From the listing below, please restate exactly the lines beginning at the one with "Free People Pastel" and ending at the one with "Opportunity is knocking!", both included, and skip the pictures.

----

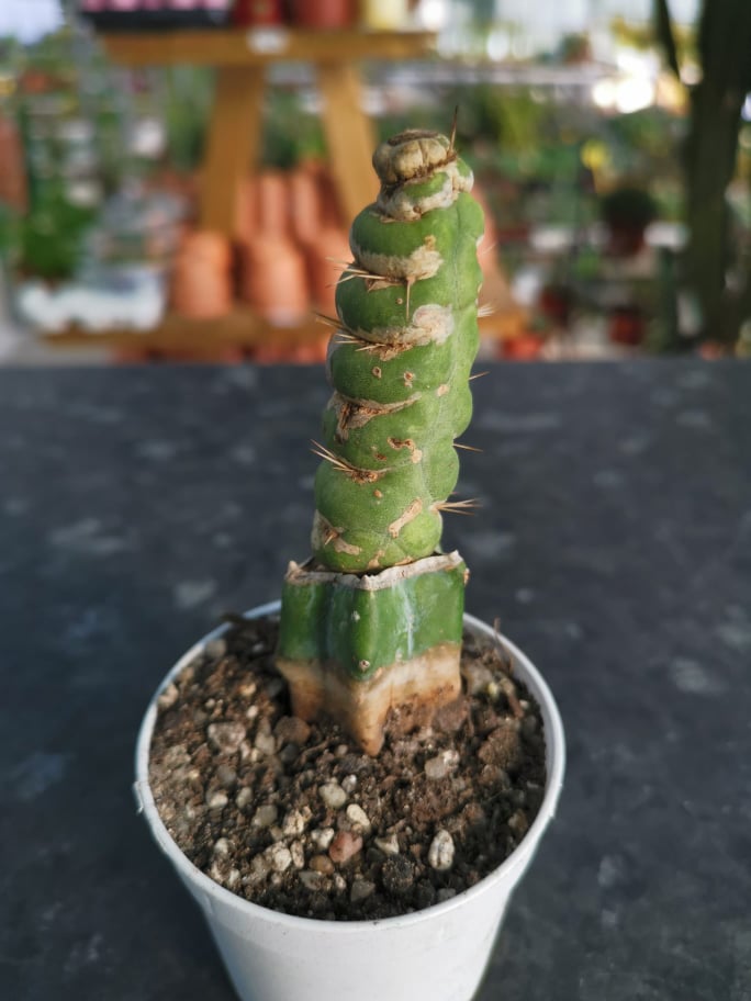 • Cacto verde com espinhos em vaso branco sobre superfície escura.
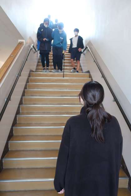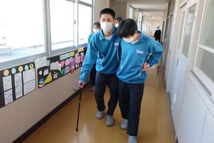 「高齢者との関わり」を学ぶため、高齢者体験に挑戦しました。視野を狭くしたり、ひざやひじを曲げにくくするサポーターをつけた体験を通して、当事者の苦労や大変さ、周りがどんなサポートをするとよいかなどを考えていました。
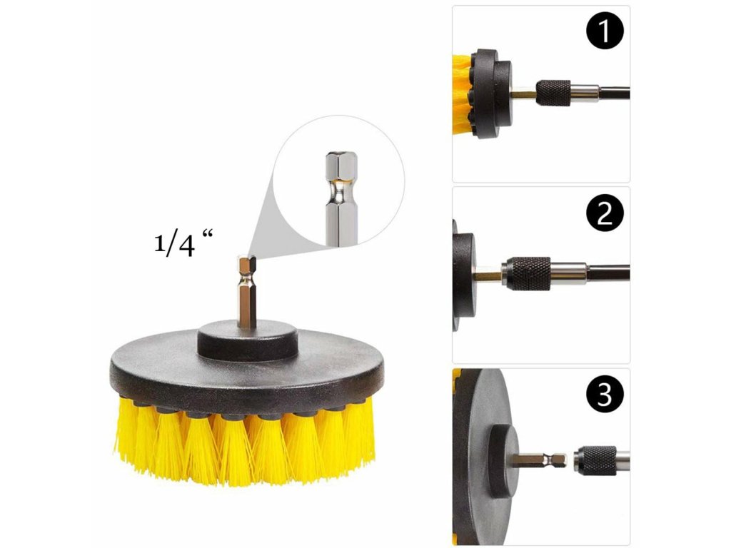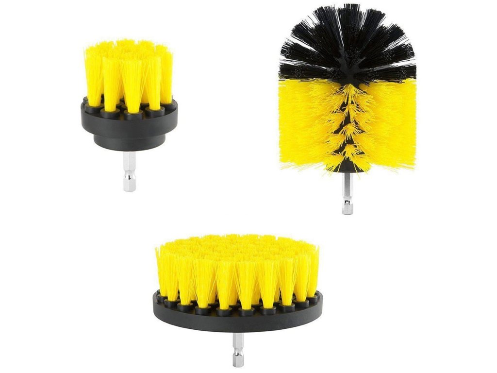 Sada tří čistících kartáčků ve formě nástavce na vrtačku. Uzpůsobeno pro práci v amatérských i profesionálních podmínkách, mimořádně užitečné doma i v domácí dílně. Jsou přizpůsobeny k čištění různých povrchů pomocí vrtačky / šroubováku. Husté nylonové štětiny a kovové rukojeti zajišťují dlouhotrvající a bezproblémové používání nástroje.
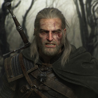 The image depicts Geralt of Rivia, a character from
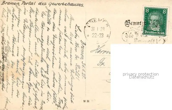 Bremen Portal des Gewerbehauses Bremen postalisch gelaufen 1928 Erhaltung siehe scans [WerneD78] WernPID7
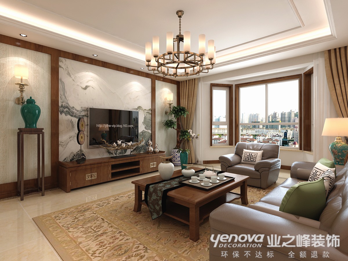 小区:碧景园 面积:121㎡ 户型:三居 风格:新中式风格
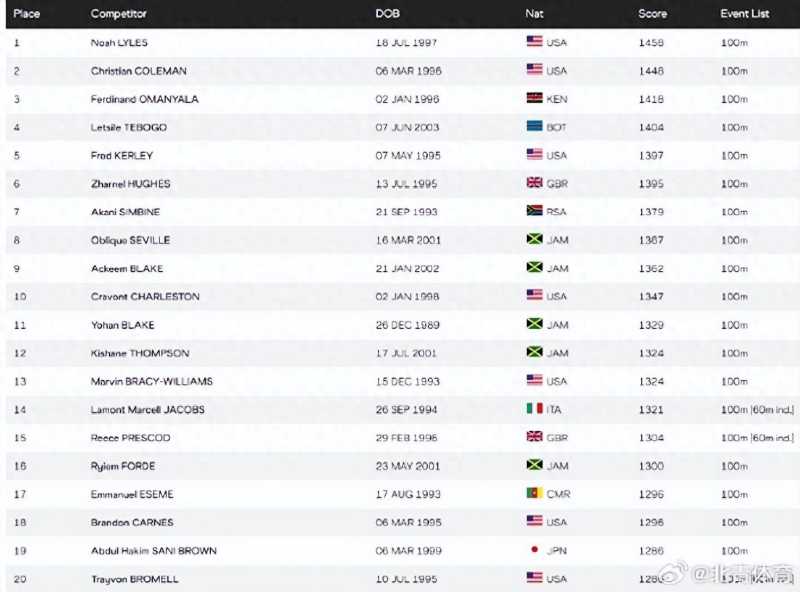 世界田联官网最新数据显示,男子百米世界排名中,已经没有了苏炳添的名字,目前排名最高的中国选手是谢震业,位列世界第27位。
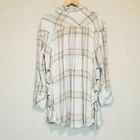 Free People Pastel Plaid Nordic Day Button Front Tunic Top Not your average plaid button-down, this one is styled with a high/low hem and trendy lace-up sides that add fun detail without losing the laid-back feel. Front button closure Point collar Long sleeves with button cuffs Back yoke Lined 51% viscose, 49% cotton Machine wash, line dry Size S Small Approximate Measurements: pit to pit - 22" across length - 31" Excellent pre-owned condition, no rips, tears or stains. Smoke free, dog friendly home. casual everyday comfort plaid flowy soft girl aesthetic pastels fall autumn spring transitional
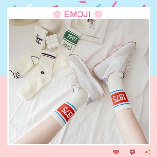 Tất thể thao in năm sinh dành cho nam nữ phong cách hiện đại năng động vớ cổ cao thấm hút mồ hôi kháng khuẩn EMOJI TD028
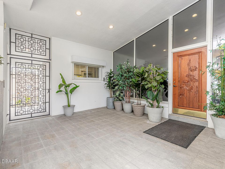 Opportunity is knocking! Enchanting and timeless sanctuary on the Halifax River. 3 bedroom, 2 bath mid-century classic with vaulted ceilings and panoramic views is a riverfront haven for anyone seeking beauty and tranquility. The landscaped garden setting creates an oasis along the riverfront. Unique touches throughout such as the custom entry and custom wooden carved door suggest attention to detail and add character to this one-of-a-kind home. Filled with natural light, this haven becomes the perfect blend of indoor comfort and outdoor beauty. Must see to appreciate. Priced reasonably for a riverrfront home.
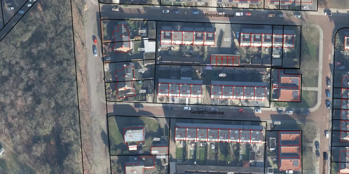 Het perceel waarop Gerard Doustraat 20 staat heeft een oppervlakte van 1516 m². Dit is een zeer groot perceel. De perceeloppervlakte wordt geregistreerd door het Kadaster. Gedetailleerde informatie over de maten van dit perceel kunt u vinden in het rapport Kadastrale kaart met maatvoering van Gerard Doustraat 20.
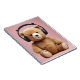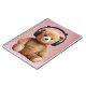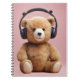 Cute brown teddy bear wearing headphones isolated on a pink background.
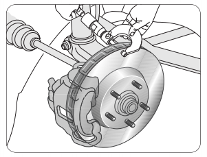 - Ao remover o disco, prenda o flexível de freio com ferramenta adequada – pode ser um gancho feito de arame resistente. Isso impede que o flexível fique pendurado, evitando danos e vazamentos.
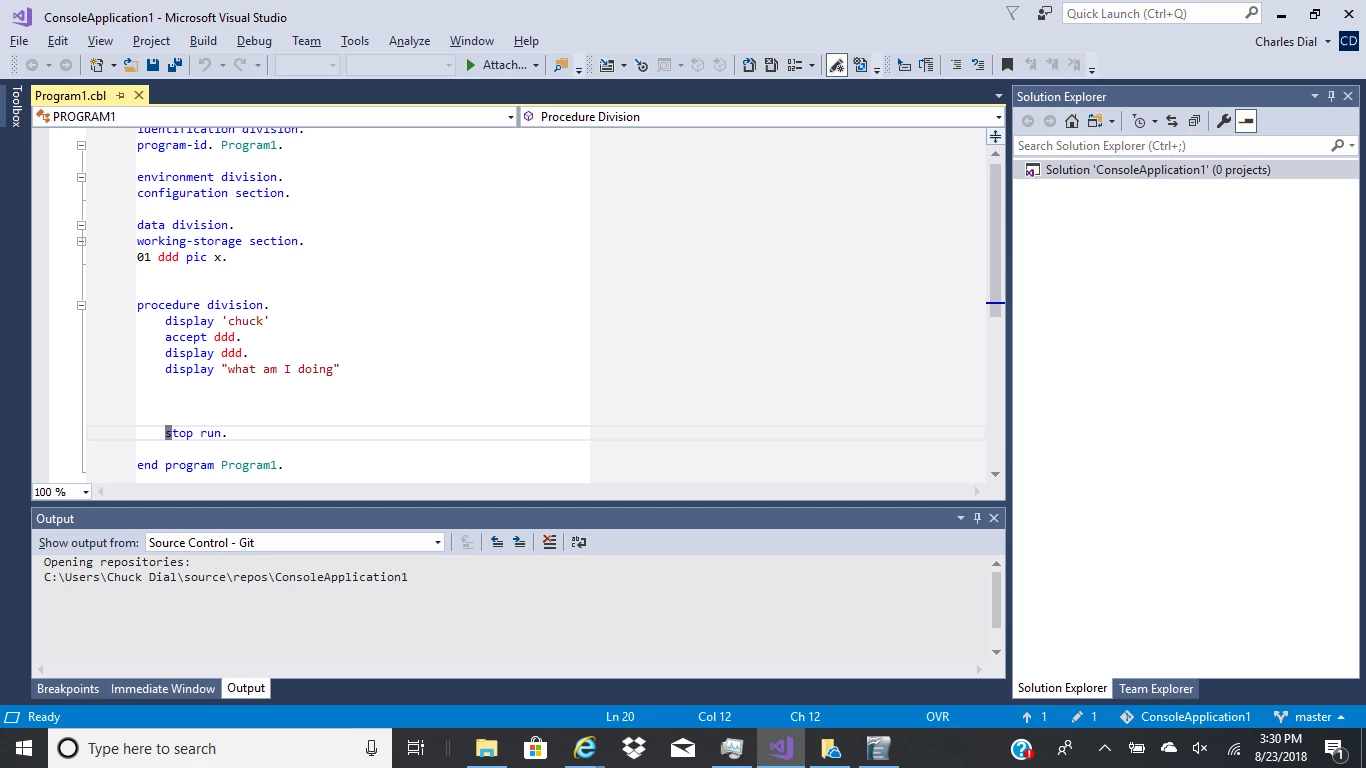 #VisualStudio#COBOLYou have not added the program to a project or the program and the project would show under the solution name in the Solution Explorer window. It looks like you are using source control for your programs.
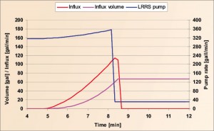 Figure 8 shows the influx flow rate, total gas volume in the well and LRRS subsea pump rate versus time. Since the subsea return pump was set to keep the riser mud level constant, pump speed has increased by 12% after 2 bbls of influx.
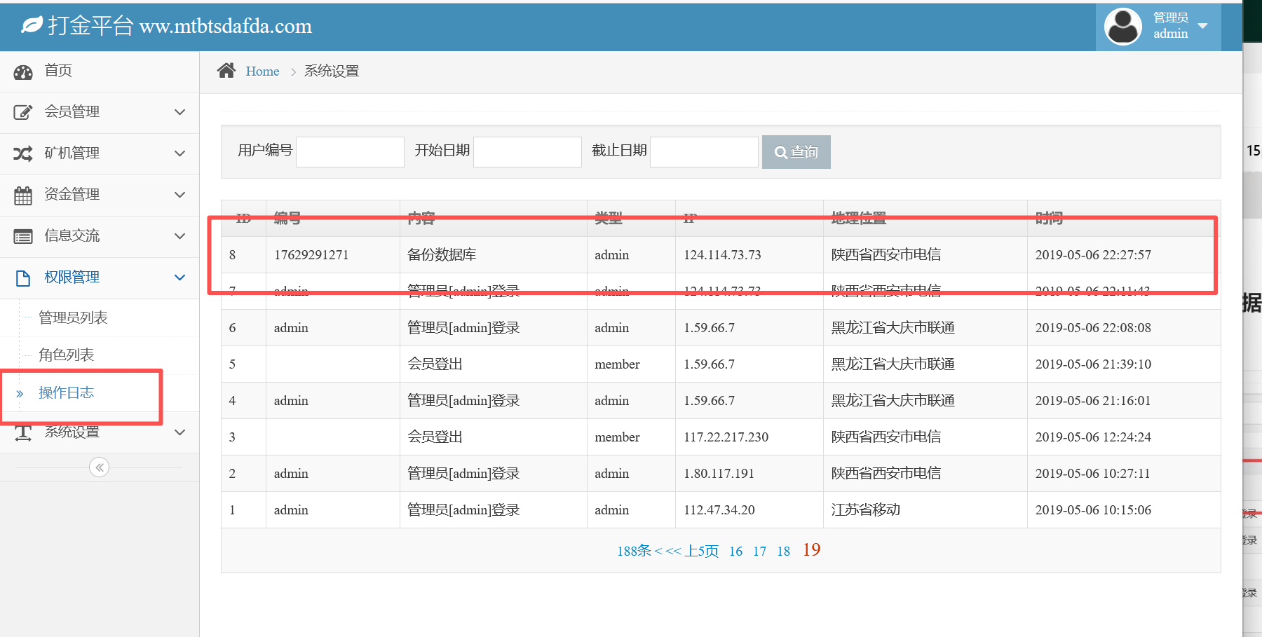 后台操作日志
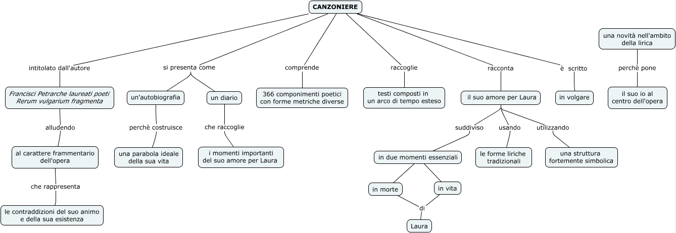 Questa Cmap, creata con IHMC CmapTools, contiene informazioni relative a: CANZONIERE, Francisci Petrarche laureati poeti Rerum vulgarium fragmenta alludendo al carattere frammentario dell'opera, in due momenti essenziali ???? in vita, il suo amore per Laura suddiviso in due momenti essenziali, in morte di Laura, il suo amore per Laura utilizzando una struttura fortemente simbolica, in vita di Laura, CANZONIERE racconta il suo amore per Laura, una novità nell'ambito della lirica perchè pone il suo io al centro dell'opera, CANZONIERE comprende 366 componimenti poetici con forme metriche diverse, CANZONIERE si presenta come un diario, un diario che raccoglie i momenti importanti del suo amore per Laura, CANZONIERE si presenta come un'autobiografia, un'autobiografia perchè costruisce una parabola ideale della sua vita, CANZONIERE è scritto in volgare, CANZONIERE intitolato dall'autore Francisci Petrarche laureati poeti Rerum vulgarium fragmenta, in due momenti essenziali ???? in morte, CANZONIERE raccoglie testi composti in un arco di tempo esteso, al carattere frammentario dell'opera che rappresenta le contraddizioni del suo animo e della sua esistenza, il suo amore per Laura usando le forme liriche tradizionali
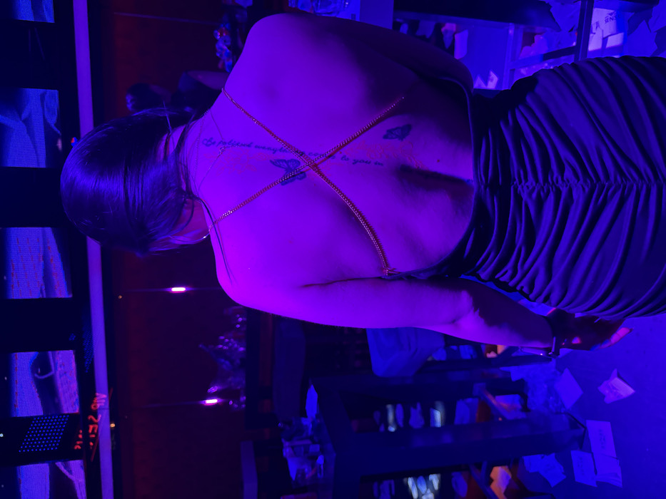A woman is observed from behind, standing in a dimly lit indoor environment characterized by purple and blue illumination. She wears a dark, backless dress with ruching, and a gold-colored body chain is draped across her upper back. Visible on her back are tattoos: text oriented vertically along the spine and two butterfly motifs. A large hoop earring is present on her right ear, and a watch or bracelet is on her left wrist. The background features multiple rectangular screens displaying purple and blue light patterns. Dark, elevated surfaces resembling tables or bars are visible, holding indistinct objects. The floor is strewn with white papers. A blurred figure or reflection is distantly visible behind the woman. The specific location within Vaglarovo, Bulgaria, is not discernible from the image.

----

— Answer to the exercise —
 Free People Pastel Plaid Nordic Day Button Front Tunic Top Not your average plaid button-down, this one is styled with a high/low hem and trendy lace-up sides that add fun detail without losing the laid-back feel. Front button closure Point collar Long sleeves with button cuffs Back yoke Lined 51% viscose, 49% cotton Machine wash, line dry Size S Small Approximate Measurements: pit to pit - 22" across length - 31" Excellent pre-owned condition, no rips, tears or stains. Smoke free, dog friendly home. casual everyday comfort plaid flowy soft girl aesthetic pastels fall autumn spring transitional
 Tất thể thao in năm sinh dành cho nam nữ phong cách hiện đại năng động vớ cổ cao thấm hút mồ hôi kháng khuẩn EMOJI TD028
 Opportunity is knocking! Enchanting and timeless sanctuary on the Halifax River. 3 bedroom, 2 bath mid-century classic with vaulted ceilings and panoramic views is a riverfront haven for anyone seeking beauty and tranquility. The landscaped garden setting creates an oasis along the riverfront. Unique touches throughout such as the custom entry and custom wooden carved door suggest attention to detail and add character to this one-of-a-kind home. Filled with natural light, this haven becomes the perfect blend of indoor comfort and outdoor beauty. Must see to appreciate. Priced reasonably for a riverrfront home.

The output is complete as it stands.